The main ward block stood serene and solid, as uncompromisingly black as ever, with the dim squares of its windows showing the silhouettes of heads where nurses and patients peered curiously out to see what was happening. But there was no sign of fire anywhere on its seven floors.
Lucy turned, trying to tell from whence the noise and smell of smoke was coming, and then saw the glow high above the roof of the Nurses’ Home.
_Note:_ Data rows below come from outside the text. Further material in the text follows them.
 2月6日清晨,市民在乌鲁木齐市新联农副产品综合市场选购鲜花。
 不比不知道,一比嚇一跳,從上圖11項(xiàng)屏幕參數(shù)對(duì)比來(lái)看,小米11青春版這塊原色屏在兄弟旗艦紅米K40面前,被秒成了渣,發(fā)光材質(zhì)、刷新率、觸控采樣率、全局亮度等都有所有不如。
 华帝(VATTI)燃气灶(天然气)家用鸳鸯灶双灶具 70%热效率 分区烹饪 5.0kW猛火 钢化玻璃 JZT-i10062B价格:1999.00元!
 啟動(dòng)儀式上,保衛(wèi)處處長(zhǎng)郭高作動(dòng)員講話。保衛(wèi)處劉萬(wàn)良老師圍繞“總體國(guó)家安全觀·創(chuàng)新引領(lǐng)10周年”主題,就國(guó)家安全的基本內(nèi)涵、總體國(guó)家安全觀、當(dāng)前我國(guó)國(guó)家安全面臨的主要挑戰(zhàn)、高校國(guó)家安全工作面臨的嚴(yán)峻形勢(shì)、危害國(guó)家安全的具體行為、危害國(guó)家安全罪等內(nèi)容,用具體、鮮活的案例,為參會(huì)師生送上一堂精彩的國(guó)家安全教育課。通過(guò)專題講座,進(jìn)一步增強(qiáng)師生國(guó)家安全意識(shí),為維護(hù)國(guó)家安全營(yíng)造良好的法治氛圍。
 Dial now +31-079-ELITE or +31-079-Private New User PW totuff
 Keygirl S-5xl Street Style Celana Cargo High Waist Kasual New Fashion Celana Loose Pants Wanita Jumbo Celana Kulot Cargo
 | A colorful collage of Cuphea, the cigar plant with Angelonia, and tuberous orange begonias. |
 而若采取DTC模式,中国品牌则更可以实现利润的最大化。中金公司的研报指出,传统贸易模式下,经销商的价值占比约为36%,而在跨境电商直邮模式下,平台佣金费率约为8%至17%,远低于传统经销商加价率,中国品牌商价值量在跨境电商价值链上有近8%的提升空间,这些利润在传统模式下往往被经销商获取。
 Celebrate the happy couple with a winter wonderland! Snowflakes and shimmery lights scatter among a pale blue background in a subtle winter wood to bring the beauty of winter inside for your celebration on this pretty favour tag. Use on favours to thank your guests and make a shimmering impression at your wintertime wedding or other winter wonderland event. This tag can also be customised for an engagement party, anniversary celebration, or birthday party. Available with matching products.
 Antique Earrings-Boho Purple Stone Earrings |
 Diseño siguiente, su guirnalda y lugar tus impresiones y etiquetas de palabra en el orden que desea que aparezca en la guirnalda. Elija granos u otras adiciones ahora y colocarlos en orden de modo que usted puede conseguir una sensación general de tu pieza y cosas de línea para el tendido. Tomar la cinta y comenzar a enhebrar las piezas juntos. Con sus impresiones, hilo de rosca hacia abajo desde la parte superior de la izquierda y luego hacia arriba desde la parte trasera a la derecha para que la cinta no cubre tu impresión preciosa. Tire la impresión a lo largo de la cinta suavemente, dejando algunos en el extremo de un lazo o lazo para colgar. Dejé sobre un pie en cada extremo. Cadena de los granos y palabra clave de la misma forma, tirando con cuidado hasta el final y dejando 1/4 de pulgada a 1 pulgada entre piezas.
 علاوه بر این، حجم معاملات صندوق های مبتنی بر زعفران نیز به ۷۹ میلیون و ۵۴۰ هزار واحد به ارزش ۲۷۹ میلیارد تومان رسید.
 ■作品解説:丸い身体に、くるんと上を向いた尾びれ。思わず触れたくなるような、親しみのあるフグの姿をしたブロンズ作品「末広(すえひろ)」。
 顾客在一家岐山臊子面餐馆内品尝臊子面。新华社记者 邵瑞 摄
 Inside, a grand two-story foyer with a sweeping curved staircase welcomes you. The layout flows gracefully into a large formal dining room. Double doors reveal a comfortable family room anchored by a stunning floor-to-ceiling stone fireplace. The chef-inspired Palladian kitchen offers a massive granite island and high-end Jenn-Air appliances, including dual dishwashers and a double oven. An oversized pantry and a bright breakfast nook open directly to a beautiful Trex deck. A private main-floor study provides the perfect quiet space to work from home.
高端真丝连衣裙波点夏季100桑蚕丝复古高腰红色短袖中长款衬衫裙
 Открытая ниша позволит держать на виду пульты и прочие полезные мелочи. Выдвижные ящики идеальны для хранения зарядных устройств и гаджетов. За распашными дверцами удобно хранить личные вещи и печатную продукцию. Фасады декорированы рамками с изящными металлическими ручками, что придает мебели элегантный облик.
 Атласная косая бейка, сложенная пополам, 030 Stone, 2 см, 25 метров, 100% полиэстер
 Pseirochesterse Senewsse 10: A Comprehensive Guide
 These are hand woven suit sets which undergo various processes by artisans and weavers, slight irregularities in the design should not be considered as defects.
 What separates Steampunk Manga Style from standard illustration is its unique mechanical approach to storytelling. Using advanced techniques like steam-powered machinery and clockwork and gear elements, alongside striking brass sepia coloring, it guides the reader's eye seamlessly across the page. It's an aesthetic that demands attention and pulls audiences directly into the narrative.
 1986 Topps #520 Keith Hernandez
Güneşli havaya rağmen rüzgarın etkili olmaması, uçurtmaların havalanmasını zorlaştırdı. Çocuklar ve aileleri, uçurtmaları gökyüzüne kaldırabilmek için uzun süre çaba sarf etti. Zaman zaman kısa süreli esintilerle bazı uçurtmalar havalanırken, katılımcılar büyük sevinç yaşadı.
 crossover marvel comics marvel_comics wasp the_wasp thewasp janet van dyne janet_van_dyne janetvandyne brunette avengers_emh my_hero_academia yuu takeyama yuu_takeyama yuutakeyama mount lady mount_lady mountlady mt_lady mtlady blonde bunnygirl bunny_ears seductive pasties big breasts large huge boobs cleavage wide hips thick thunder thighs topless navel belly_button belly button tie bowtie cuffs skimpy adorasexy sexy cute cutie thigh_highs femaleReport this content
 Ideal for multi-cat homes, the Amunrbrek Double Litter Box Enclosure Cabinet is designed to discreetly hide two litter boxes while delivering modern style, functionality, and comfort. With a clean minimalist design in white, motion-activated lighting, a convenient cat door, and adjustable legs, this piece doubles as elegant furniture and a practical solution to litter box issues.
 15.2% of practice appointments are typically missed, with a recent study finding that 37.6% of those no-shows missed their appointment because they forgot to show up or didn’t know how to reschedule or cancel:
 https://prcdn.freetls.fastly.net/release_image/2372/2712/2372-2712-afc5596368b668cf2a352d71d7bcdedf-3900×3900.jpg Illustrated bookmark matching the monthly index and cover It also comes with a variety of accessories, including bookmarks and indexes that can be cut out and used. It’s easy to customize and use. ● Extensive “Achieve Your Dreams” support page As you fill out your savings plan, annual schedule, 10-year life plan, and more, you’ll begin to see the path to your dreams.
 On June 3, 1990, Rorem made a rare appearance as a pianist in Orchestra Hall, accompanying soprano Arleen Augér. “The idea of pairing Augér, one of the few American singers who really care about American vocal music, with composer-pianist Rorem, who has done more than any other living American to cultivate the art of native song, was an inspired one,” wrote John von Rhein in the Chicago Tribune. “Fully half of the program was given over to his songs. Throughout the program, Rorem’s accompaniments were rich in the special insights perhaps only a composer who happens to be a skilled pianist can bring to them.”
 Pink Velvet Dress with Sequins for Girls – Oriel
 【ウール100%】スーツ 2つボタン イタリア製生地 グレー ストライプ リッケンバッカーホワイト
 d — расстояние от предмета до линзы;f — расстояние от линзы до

At least none of the patients were in danger then, for the Private Block too was quiet, and stood well clear of the area in which the fire seemed to be.
But nurses might be in danger. There were two hundred girls living in that building, and it was reasonable to suppose that at least a hundred of them were in it right now, for it was past ten o’clock, and junior nurses weren’t allowed out after half past ten anyway.
Lucy felt sick as she thought of the building, of the way it was hemmed in by the administrative office block and the Path lab and Pharmacy, of the narrow iron fire escapes that twisted round the face of the building and the way it alarmed one to use them even for a practice. And now it was the real thing.
It was her turn now to grab Barney’s hand and pull him after her as she ran headlong across the broad courtyard towards the garden and the Nurses’ Home. She didn’t know why she did it, but she had to keep him with her, couldn’t possibly have made her way there alone.